EXERCISE INPUTS –
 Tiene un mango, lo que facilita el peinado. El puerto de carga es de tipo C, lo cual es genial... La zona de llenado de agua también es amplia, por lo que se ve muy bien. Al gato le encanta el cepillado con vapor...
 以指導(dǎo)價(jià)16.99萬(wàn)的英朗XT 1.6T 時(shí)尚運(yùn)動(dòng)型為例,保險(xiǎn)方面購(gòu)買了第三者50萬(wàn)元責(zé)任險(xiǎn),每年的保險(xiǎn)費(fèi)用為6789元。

==

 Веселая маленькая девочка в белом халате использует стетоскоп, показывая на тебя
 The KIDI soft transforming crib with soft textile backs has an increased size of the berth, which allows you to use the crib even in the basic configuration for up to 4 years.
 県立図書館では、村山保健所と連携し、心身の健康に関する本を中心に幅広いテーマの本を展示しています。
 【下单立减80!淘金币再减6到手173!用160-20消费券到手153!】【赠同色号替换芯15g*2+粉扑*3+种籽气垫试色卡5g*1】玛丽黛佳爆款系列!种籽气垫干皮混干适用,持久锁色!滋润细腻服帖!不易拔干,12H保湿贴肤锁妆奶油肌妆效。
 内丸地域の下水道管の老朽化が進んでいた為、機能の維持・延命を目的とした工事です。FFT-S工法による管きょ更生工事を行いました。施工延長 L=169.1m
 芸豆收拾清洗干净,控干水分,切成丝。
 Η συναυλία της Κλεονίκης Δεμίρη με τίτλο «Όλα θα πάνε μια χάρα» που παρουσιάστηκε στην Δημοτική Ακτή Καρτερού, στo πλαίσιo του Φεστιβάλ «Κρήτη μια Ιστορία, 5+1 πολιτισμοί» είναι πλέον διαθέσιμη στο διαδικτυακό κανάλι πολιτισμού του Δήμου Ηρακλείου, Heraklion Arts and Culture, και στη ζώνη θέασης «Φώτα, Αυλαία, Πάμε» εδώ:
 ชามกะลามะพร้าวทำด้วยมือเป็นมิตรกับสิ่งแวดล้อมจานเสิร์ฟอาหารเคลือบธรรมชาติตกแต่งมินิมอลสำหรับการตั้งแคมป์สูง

THE PROBLEM – Above is a listing; print exactly its lines from the one with "Веселая маленькая девочка" through the one with "ชามกะลามะพร้าว", and no other lines.

ANSWER TO THIS EXERCISE –
 Веселая маленькая девочка в белом халате использует стетоскоп, показывая на тебя
 The KIDI soft transforming crib with soft textile backs has an increased size of the berth, which allows you to use the crib even in the basic configuration for up to 4 years.
 県立図書館では、村山保健所と連携し、心身の健康に関する本を中心に幅広いテーマの本を展示しています。
 【下单立减80!淘金币再减6到手173!用160-20消费券到手153!】【赠同色号替换芯15g*2+粉扑*3+种籽气垫试色卡5g*1】玛丽黛佳爆款系列!种籽气垫干皮混干适用,持久锁色!滋润细腻服帖!不易拔干,12H保湿贴肤锁妆奶油肌妆效。
 内丸地域の下水道管の老朽化が進んでいた為、機能の維持・延命を目的とした工事です。FFT-S工法による管きょ更生工事を行いました。施工延長 L=169.1m
 芸豆收拾清洗干净,控干水分,切成丝。
 Η συναυλία της Κλεονίκης Δεμίρη με τίτλο «Όλα θα πάνε μια χάρα» που παρουσιάστηκε στην Δημοτική Ακτή Καρτερού, στo πλαίσιo του Φεστιβάλ «Κρήτη μια Ιστορία, 5+1 πολιτισμοί» είναι πλέον διαθέσιμη στο διαδικτυακό κανάλι πολιτισμού του Δήμου Ηρακλείου, Heraklion Arts and Culture, και στη ζώνη θέασης «Φώτα, Αυλαία, Πάμε» εδώ:
 ชามกะลามะพร้าวทำด้วยมือเป็นมิตรกับสิ่งแวดล้อมจานเสิร์ฟอาหารเคลือบธรรมชาติตกแต่งมินิมอลสำหรับการตั้งแคมป์สูง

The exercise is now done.